- Born: July 26, 1977 (age 48) Prague, Czech Republic
- Education: Charles University University of Hamburg University of Oldenburg
- Spouse: Christian Genest
- Scientific career
- Institutions: ETH Zürich McGill University Vienna University of Economics and Business
- Doctoral advisor: Dietmar Pfeifer

= Johanna G. Nešlehová =

Czech mathematical statistician

Johanna G. Nešlehová (born July 26, 1977) is a Czech mathematical statistician who works in Canada at McGill University as a professor in the department of mathematics and statistics. Her research interests include copulas, extreme value theory, multivariate statistics, and operational risk.

==Education and career==
Nešlehová is originally from Prague, the daughter of painter Pavel Nešleha and art historian Mahulena Nešlehová.

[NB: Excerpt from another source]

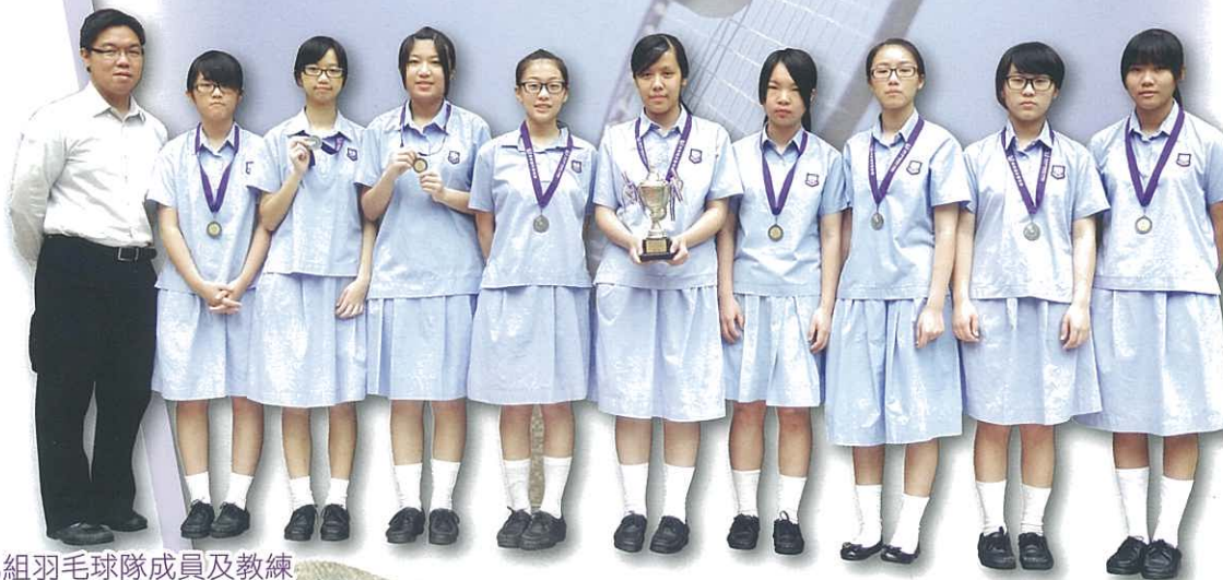
女子乙組羽毛球隊成員及教練

She studied at the Charles University, the University of Hamburg, and the University of Oldenburg, earning a degree (vordiplom) from University of Hamburg in 1999, a master's degree (diplom) from the University of Hamburg in 2000, and a doctorate from the University of Oldenburg in 2004. Her dissertation, Dependence of Non-continuous Random Variables, was supervised by Dietmar Pfeifer.

After working as a postdoctoral researcher and Heinz Hopf Lecturer at ETH Zürich, she joined the McGill University faculty in 2009. Since October 2022 she is also a professor at WU Vienna University of Economics and Business.

==Book==
With Erhard Cramer, Nešlehová is the author of a German-language undergraduate textbook in introductory mathematics, Vorkurs Mathematik: Arbeitsbuch zum Studienbeginn in Bachelor-Studiengängen (Springer, 2005; 7th ed., 2018).

==Recognition==
Nešlehová was named as an Elected Member of the International Statistical Institute in 2011. In 2020 she was named a Fellow of the Institute of Mathematical Statistics.

She was the 2019 winner of the CRM-SSC Prize in Statistics "for fundamental contributions to multivariate statistics, and in particular stochastic dependence modeling and extreme-value theory, and for her efforts to promote the sound application of statistics in risk management".

In 2023, Nešlehová was the second statistician (after Nancy Reid in 1995) to receive the Krieger–Nelson Prize of the Canadian Mathematical Society.

==Personal life==
Nešlehová is married to statistician Christian Genest. Their son Richard Genest was born in 2014. Johanna became a Canadian citizen in 2015.